Далее Кастельс приходит к выводу, что власть более не кон­центрируется в институтах, таких как государство, в организа­циях, таких как компании, или в центрах символического контроля – корпоративных СМИ и церквях. Она растворяется в глобальных сетях благосостояния, энергетики, информации и ви­зуализации. При этом она не исчезает [Castells 1997, p. 359]. Новая власть содержится в информационных кодах и образах восприятия, создаваемых человеческими сознаниями и вы­строенных в личности. Эти сознания и личности вступают в про­тиворечия с доминирующей «логикой» сетевого общества [Ibid., p. 358]. И на основании этого ви́дения Кастельс формулирует основные тезисы, касающиеся главных социальных противо­речий сетевого общества.

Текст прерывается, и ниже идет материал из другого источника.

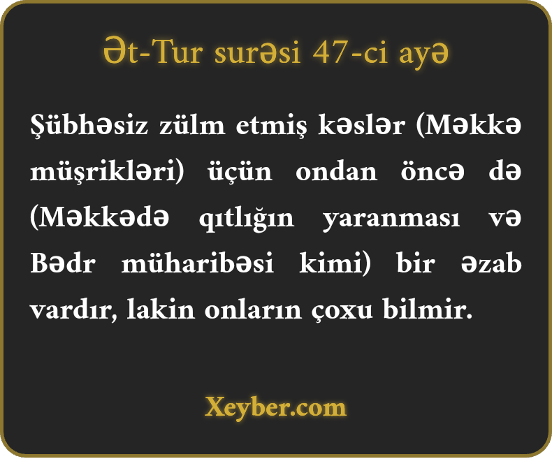 Şübhəsiz zülm etmiş kəslər (Məkkə müşrikləri) üçün ondan öncə də (Məkkədə qıtlığın yaranması və Bədr müharibəsi kimi) bir əzab vardır, lakin onların çoxu bilmir.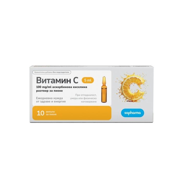 Vitamin C Ampoules Sopharma е висококачествена хранителна добавка, съдържаща витамин Ц - водно - разтворим витамин, който участва в много жизнено-важни процеси в организма. Витамин С aмпули за пиене за висок имунитет 10 бр 5 мл Софарма спомага за преодоляване на недостиг на аскорбинова киселина и произтичащите от това проблеми като мускулна слабост, оток и кръвоизливи от венците, подкожни кръвоизливи, чувство на умора, потиснатост. Vitamin C се отличава с антиоксидантно и общоукрепващо действие, стимулира имунната система и защитава организма от вирусни и бактериални инфекции, укрепва съдовете и спомага за намаляване риска от възникване на сърдечно-съдови проблеми. Витамин Ц благоприятстват още зрението, кожата, ноктите, мускулите, ставите и костите и подпомага по-бързото възстановяване след боледуване, физическо и психическо натоварване.

В первом из них речь идёт об оппозиции «Сети» и «Лич­ности [the Self]». Кастельс объясняет это противоречие как разрыв между абстрактным универсальным инструментализмом сетевой «логики» и конкретными исторически обусловленными идентичностями, между функцией и смыслом [Castells 1996, р. 3]. Этот разрыв порождает движения сопротивления функцио­нальной логике сетевого общества: религиозный фундамента­лизм, национализм, регионализм, экологические движения, фе­минизм и движения гендерной идентичности. Они появляются в результате кризиса, который испытывают в информационную эпоху такие институты гражданского общества, как рабочее дви­жение и политические партии, ввергая заодно в кризис нацио­нальное государство и национальную демократию.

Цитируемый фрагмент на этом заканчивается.